65 Misc. 2d 578 | N.Y. Sup. Ct. | 1971
This is an application hy petitioner for an order compelling respondents to reinstate him in the second year academic program leading to a Master of Social Work degree, and also to provide a program of field instruction for him. In the alternative, petitioner seeks to compel respondents to reinstate him in the academic program and credit him for his prior year’s experience in field work sufficient to entitle him to the degree in June of 1971. Respondents have filed answer containing objections in point of law and an affirmative defense seeking dismissal of the petition as a matter of law.
The facts out of which this proceeding arises disclose that petitioner began his two-year course of study for a Master’s degree in Social Work in the fall of 1969; that his grades for the first year met the minimum requirements of the State University, he having maintained a ‘ ‘ B ” average in academic studies and an “ S ”, or satisfactory, in the field work portion of his course. At the end of the fall semester of his second year petitioner received a grade of “ B ” in academic studies and a “ U ”, or unsatisfactory, in field work, and he was suspended from any further study at the School of Social Welfare. Petitioner contends that his suspension was arbitrary and in violation of his constitutional and contractual rights since he was a student in good academic standing at the time of his suspension. The basis of this contention is the allegation that petitioner received a grade of “B” in his academic studies
Under the rules and regulations for its Graduate School and for the School of Social Welfare the university reserves the right to terminate the registration of any student who does not meet the standards acceptable to the university. “ Courts may not interfere with the administrative discretion exercised by agencies which are vested with the administration and control of educational institutions, unless the circumstances disclosed by the record leave no scope for the use of that discretion in the matter under scrutiny”. (Matter of Lesser v.

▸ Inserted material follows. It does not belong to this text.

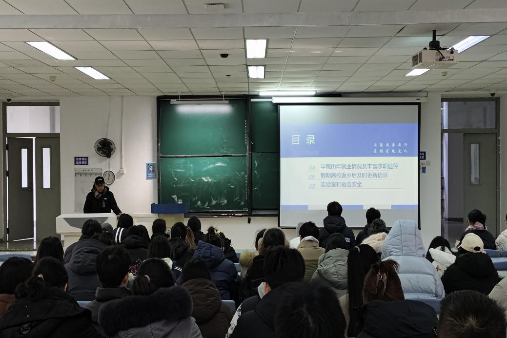 提前谋划、多措并举,开展了全方位、多层次的寒假前安全教育系列工作,为学生假期安全筑牢坚实屏障。在学院统筹安排下,各年级辅导员结合学生群体特点,以年级为单位,通过线下主题班会、线上提醒通知等多种形式,开展全覆盖式安全教育,为同学们送上“安全锦囊”。

Board of Educ., 18 A D 2d 388, 390; Matter of Wasmund v. La Guardia, 287 N. Y. 417, 420-421.) Similarly, when a university, in expelling a student, acts within its jurisdiction, not arbitrarily but in the exercise of an honest discretion based on facts within its knowledge that justify the exercise of discretion, a court may not review the exercise of its discretion. (Matter of Carr v. St. John’s Univ., 17 A D 2d 632, affd. 12 N Y 2d 802; see, also, Matter of Edde v. Columbia Univ., 8 Misc 2d 795, affd. 6 A D 2d 780, app. dsmd. 5 N Y 2d 881, cert. den. 359 U. S. 956.) Thus, the only issue before the court is whether under the facts and circumstances here there was a clear abuse of statutory authority or a practice of discrimination or gross error on the part of respondents. (Matter of Lesser v. Board of Educ., supra.)
Affidavits have been submitted in opposition to petitioner’s application by faculty members, advisors, instructors, the director of field instruction and the Dean of the School of Social Welfare. All of the affidavits attest to the fact that petitioner’s performance in the prescribed field work was unsatisfactory and that he should not be continued in the course in which he was enrolled. Under such circumstances it cannot be said that petitioner was a student in good standing, nor has there been any 'showing by petitioner that respondents abused their discretion in terminating him as a student in the School of Social Welfare. (Matter of Edde v. Columbia Univ., supra.)
In my opinion the issues raised and the relief sought fall squarely within the authorities cited herein, requiring denial of the application. Accordingly, the petition is dismissed as a matter of law.